**Task statement**
Reproduce the lines below exactly, from the one containing "符、飜、親/子を選択すると、上がり点を表示します。" through the one containing "Elevar su evento", both included. Leave out any pictures.

**Records for processing**
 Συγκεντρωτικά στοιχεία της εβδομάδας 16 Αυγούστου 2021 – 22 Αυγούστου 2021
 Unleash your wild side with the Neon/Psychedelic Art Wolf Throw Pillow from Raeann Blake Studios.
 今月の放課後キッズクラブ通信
--
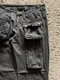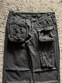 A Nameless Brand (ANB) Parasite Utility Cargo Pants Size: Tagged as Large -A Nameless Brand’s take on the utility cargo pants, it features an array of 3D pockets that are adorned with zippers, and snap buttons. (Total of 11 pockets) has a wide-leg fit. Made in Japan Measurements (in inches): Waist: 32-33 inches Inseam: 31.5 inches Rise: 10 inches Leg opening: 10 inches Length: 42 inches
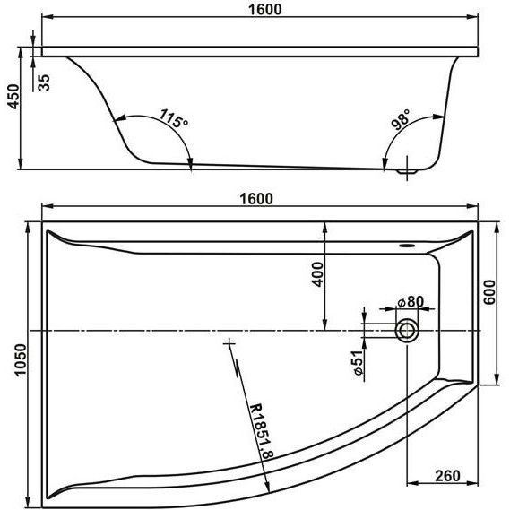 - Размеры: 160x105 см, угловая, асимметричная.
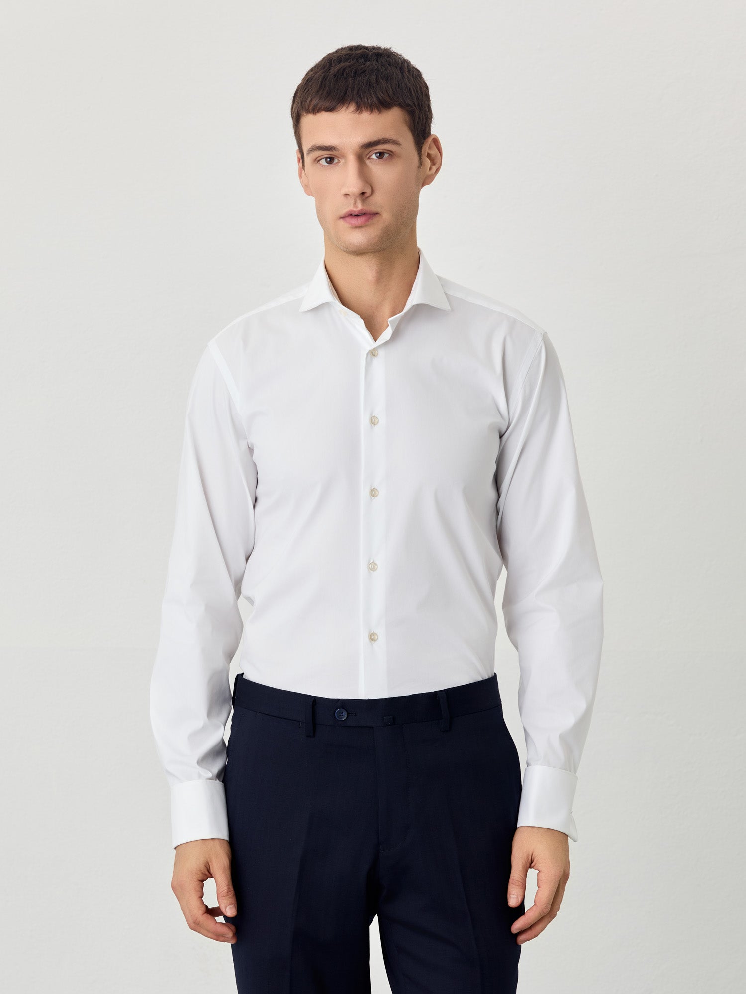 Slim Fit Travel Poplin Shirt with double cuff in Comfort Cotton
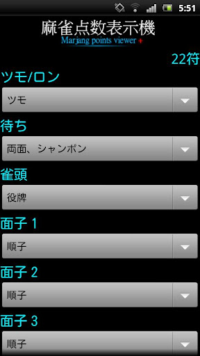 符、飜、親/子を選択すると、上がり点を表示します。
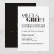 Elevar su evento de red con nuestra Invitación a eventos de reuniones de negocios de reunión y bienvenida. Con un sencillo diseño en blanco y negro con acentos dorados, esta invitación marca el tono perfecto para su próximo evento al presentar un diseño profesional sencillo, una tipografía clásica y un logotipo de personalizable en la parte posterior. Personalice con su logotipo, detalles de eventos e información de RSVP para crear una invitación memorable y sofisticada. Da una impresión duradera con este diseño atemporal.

**Your solution**
 符、飜、親/子を選択すると、上がり点を表示します。
 Elevar su evento de red con nuestra Invitación a eventos de reuniones de negocios de reunión y bienvenida. Con un sencillo diseño en blanco y negro con acentos dorados, esta invitación marca el tono perfecto para su próximo evento al presentar un diseño profesional sencillo, una tipografía clásica y un logotipo de personalizable en la parte posterior. Personalice con su logotipo, detalles de eventos e información de RSVP para crear una invitación memorable y sofisticada. Da una impresión duradera con este diseño atemporal.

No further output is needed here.